PART I
4. CHAPTER IV.
(continued)
The answer of the sisters to the communication was, if not
conclusive, at least consoling and hopeful. It made known that
the eldest, Alexandra, would very likely be disposed to listen to
a proposal.
Alexandra was a good-natured girl, though she had a will of her
own. She was intelligent and kind-hearted, and, if she were to
marry Totski, she would make him a good wife. She did not care
for a brilliant marriage; she was eminently a woman calculated to
soothe and sweeten the life of any man; decidedly pretty, if not
absolutely handsome. What better could Totski wish?
So the matter crept slowly forward. The general and Totski had
agreed to avoid any hasty and irrevocable step.
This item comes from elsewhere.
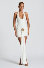 Elevate your ensemble with the Sanne Mini Skirt in pristine white. This sophisticated bodycon piece features elegant ruching throughout and a flattering mid-rise, V-shaped waist. The distinctive front panel and removable orchid brooch offer versatile outfit options. Style with the Odele bodysuit.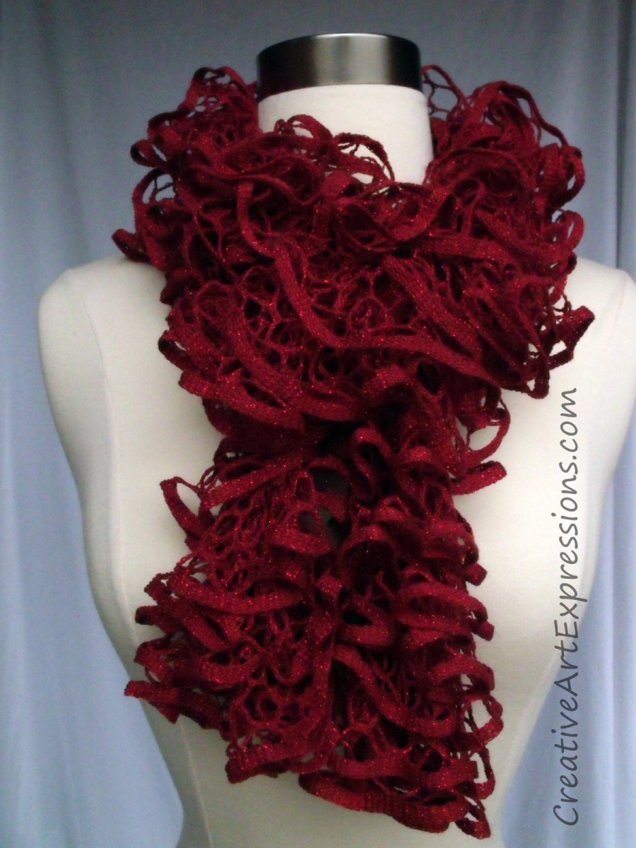 Creative Art Expressions Hand Knit Ruby Red Glam Ruffle Scarf

Alexandra's
parents had not even begun to talk to their daughters freely upon
the subject, when suddenly, as it were, a dissonant chord was
struck amid the harmony of the proceedings. Mrs. Epanchin began
to show signs of discontent, and that was a serious matter. A
certain circumstance had crept in, a disagreeable and troublesome
factor, which threatened to overturn the whole business.
This circumstance had come into existence eighteen years before.
Close to an estate of Totski's, in one of the central provinces
of Russia, there lived, at that time, a poor gentleman whose
estate was of the wretchedest description. This gentleman was
noted in the district for his persistent ill-fortune; his name
was Barashkoff, and, as regards family and descent, he was vastly
superior to Totski, but his estate was mortgaged to the last
acre. One day, when he had ridden over to the town to see a
creditor, the chief peasant of his village followed him shortly
after, with the news that his house had been burnt down, and that
his wife had perished with it, but his children were safe.